Il confronto europeo: più tempo tra carte che tra cantieri

Oltre il 50% del tempo totale necessario per un’opera non è assorbito dal cantiere, ma da programmazione, progettazione, autorizzazioni, gare, ricorsi e chiusure amministrative. La disciplina delle autorizzazioni resta complessa, tra conferenze di servizi, richieste di integrazioni e contrasti tra amministrazioni. Il risultato: opere bloccate per anni, con costi crescenti per lo Stato e le imprese e pesanti ricadute sui territori.

L’impatto economico: non è costruire, ma decidere

Quando un’infrastruttura strategica resta ferma, l’intera filiera produttiva — imprese, lavoratori, professionisti, fornitori — subisce rallentamenti, riducendo occupazione, investimenti e competitività. La lentezza cronica imbriglia l’economia italiana, impedendo che gli investimenti pubblici producano pienamente effetti reali.

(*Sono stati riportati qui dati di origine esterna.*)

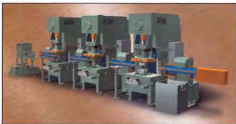
Figure 3 — ServoPro's complete programmability increases production and maximizes overall cycle time by allowing stampers to optimize each individual press operation in an automated application.

With ServoPro stampers have the ability to run a multi-press transfer line in continuous mode. See Figure 3 When compared to a conventional press line that operates in automatic single stroke mode, the ServoPro continuous mode can deliver productivity rates up to 50 percent higher. Specifically designed for general presswork, AIDA's ServoPro is equipped with a fully programmable slide motion and adjustable stroke length for an infinite number of combinations. These features make it possible for a stamper to turn one press into multiple machines – eliminating the need to purchase a variety of presses to perform different manufacturing processes.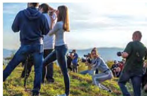
Amateur photographers in action.

Appalti, serve una riforma strutturale

Il Pnrr ha introdotto semplificazioni, ma senza una riforma stabile i ritardi cronici rischiano di tornare. Federcepicostruzioni sottolinea la necessità di procedure digitalizzate, responsabilità chiare e criteri di proporzionalità, in modo che un eventuale no sia sempre accompagnato da indicazioni concrete per rendere realizzabile l’opera. Ridurre di un anno i tempi amministrativi vale più di qualsiasi incentivo economico.

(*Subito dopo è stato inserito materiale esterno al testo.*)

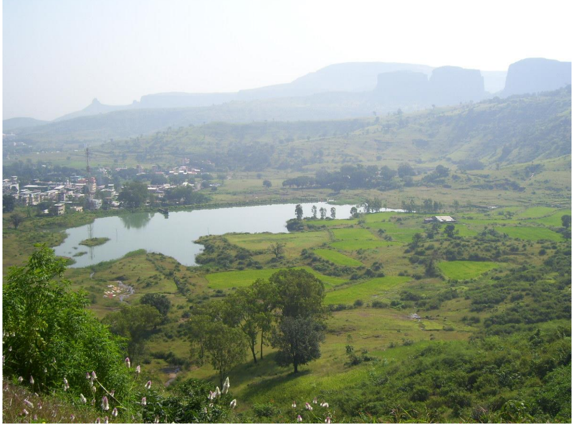
View of Trayambakeswar (above) while climbing to the Brahmagiri

I challenged a vendor and showed her how I could clean the frontage of her shop in 10 minutes, and then asked her if she could do that twice a day.

Le cinque proposte di Federcepicostruzioni

  1. Un solo decisore responsabile per opera
    Nomina di un Responsabile Unico di Decisione (RUD) con potere di sintesi e chiusura dei procedimenti, responsabilità chiara su tempi e risultati.

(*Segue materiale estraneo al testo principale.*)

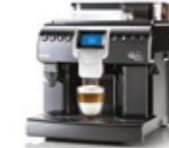
Royal Gran Crema

*Supplied separately; installed by the operator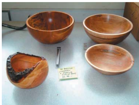
Bowls by HB Salomon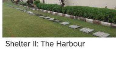
Shelter I: The Transit Home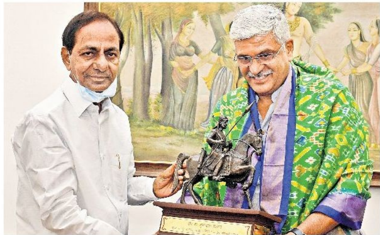
Chief Minister K Chandrashekhara Rao with Union Minister for Jal Shakti Gajendra Singh Shekhawat, in New Delhi on Monday.

The Chief Minister requested the Union Minister to issue necessary directions to the Godavari River Management Board and CWC for immediate action

  2. Tempi certi e perentori per pareri e autorizzazioni
    Termini vincolanti per tutti i pareri, silenzio-assenso reale non aggirabile, stop alle richieste reiterate di integrazioni.

  3. Progettazione completa prima della gara
    Gare solo con progetto esecutivo validato; fondo nazionale per rafforzare la progettazione pubblica, riduzione delle varianti.

  4. Ricorsi rapidi e filtrati
    Filtro stringente di ammissibilità, decisione cautelare entro 30 giorni, stop ai ricorsi dilatori.

  5. Pagamenti certi e automatici
    Pagamenti entro 30 giorni, interessi e penali automatiche per la PA inadempiente.

Governance chiara per far ripartire l’economia

«Federcepicostruzioni chiede a Governo e Parlamento di trasformare le misure sperimentate con il PNRR in una riforma stabile, con governance chiara, responsabilità definite e regole semplici», commenta il presidente nazionale Antonio Lombardi. «Sbloccare la burocrazia significa rimettere in moto l’edilizia e, con essa, l’intera economia del Paese».